Spunta un “paesaggio invisibile” sul retro con la diagnosi dell’Opificio delle Pietre Dure
La diagnosi dell’Opificio delle Pietre Dure di Firenze, eccellenza a livello mondiale nell’analisi delle opere d’arte, rivela nuovi aspetti del cosiddetto disegno 8P di Leonardo da Vinci delle Gallerie degli Uffizi: se dopo pochi giorni la conferma delle due fasi della realizzazione ben distinte; all’Auditorium Vasari a Firenze lunedì scorso sono stati presentati i risultati definitivi con la rivelazione di un nuovo “paesaggio” sul retro e la conferma del fatto che Leonardo fosse ambidestro. Ma non solo.
Il direttore delle Gallerie degli Uffizi Eike D. Schmidt (qui sopra) ha sottolineato come la ricerca sia al centro della missione di tutela e valorizzazione del patrimonio dell’arte già dal Settecento quando Leopoldo di Toscana dichiarava lo scopo dell’Opificio delle Pietre Dure allora ancora centro di produzione del cosiddetto “commesso fiorentino” e collocato presso gli Uffizi. Nell’anno leopardiano è evidente l’attenzione alle opere del Genio fiorentino il cui cosiddetto disegno 8P conservato alle Gallerie degli Uffizi ha rivelato nuovi particolari. Dopo pochi giorni si è compreso che il lavoro, da molti considerato il primo disegno noto e certamente il suo primo lavoro data. 5 agosto 1473, è stato realizzato in due fasi ben distinte. Più singolare la rivelazione di un secondo paesaggio sul retro del disegno e la conferma della scrittura ambidestra di Leonardo.
Sono intervenuti per raccontare le indagini il soprintendente dell’Opificio, Marco Ciatti e Cecilia Frosinini, storica dell’Arte e funzionario dell’Opificio che hanno tenuto a precisare come le indagini non siano state invasive e come a dire il vero non si tratti solo di un “paesaggio”, anche perché la pittura di paesaggio a quei tempi non era ancora un genere codificato. Se il primo stadio è quello noto della rappresentazione lacustre, un secondo foglio è stato utilizzato per aggiungere dettagli. La scena originaria fluviale con al centro un corso d’acqua e due rive collegate da un ponte e a sinistra una formazione di rocce aguzze e frastagliate era stata realizzata con nero fumo. Successivamente alcune forme sono sottolineate con l’inchiostro, aggiungendo anche dei picchi montuosi. L’utilizzo del nero fumo (in forma di pastello) testimonia che Leonardo usava questo materiale in un periodo antecedente a quanto ritenuto dagli studiosi fino ad oggi; così come i disegni a sanguigna sembrano riferibili al 1473 e non più a partire dal 1492 come avveniva fino ad ora.
Dall’esame del retro emergono alcuni di segni a punta di piombo come un fiore stilizzato e alcuni motivi geometrici, evidenti all’infrarosso. Il disegno ha rivelato inoltre alcune tracce solo incise con uno stilo cosiddetto “cieco” o “acronomo” – che non lascia tracce colorate – alcune delle quali identificabili ad esempio un cavallo.
Per quanto concerne il fatto di essere ambidestro, sembra che Leonardo sia nato mancino ma fin da ragazzino viene educato all’uso della mano destra. “Dall’osservazione dei suoi scritti, incluso quello sul disegno, ha sottolineato Cecilia Frosinini, si capisce che la sua calligrafia da destra è colta e ben fatta. Quanto alla scrittura specchiata, con verso da destra a sinistra, è probabile che Leonardo stesso, da adulto, abbia scelto volontariamente questo stile originale, che è infatti, nei primi esempi, molto elaborato, perfino artificioso.”
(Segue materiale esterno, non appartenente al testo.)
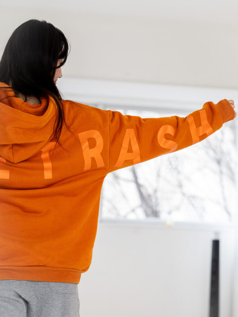 Examples: In recent years, Barre Trash has attracted attention for its best-selling Oversized Hoodie, which will offer more color options, including powder blue, canary yellow, and sunset orange this spring. The design of Covet Dance’s Tutu Crew Sweater adds a varsity vibe with a bunhead pun, and Oh La La’s Babe Hoodie offers an edgier look with a black base and metallic foil stars down the sleeve.

La ricerca diagnostica ha portato alla luce anche le tecniche grafiche utilizzate da Leonardo a cominciare dall’introduzione del pastello della Francia allora disponibile in poche tonalità. Il disegno è stato sottoposto ai raggi infrarossi con un modello molto avanzato in grado di acquisire 32 bande cromatiche diverse, ideato dal Cnr-Ino (Istituto nazionale di ottica). E’ stato usato anche un sistema innovativo di raggi X a fluorescenza, con illuminazione ad area anziché a punti localizzati come avveniva finora (il prototipo è stato costruito dall’Istituto nazionale di fisica nucleare dell’Università di Firenze); ed un rilevatore portatile di materiali organici (messo a punto dal Cnr Ifac, Istituto di fisica applicata); oltre alle “classiche” osservazioni al microscopio e all’utilizzo di foto diagnostica ad elevata risoluzione,con il supporto di elaborazioni informatiche.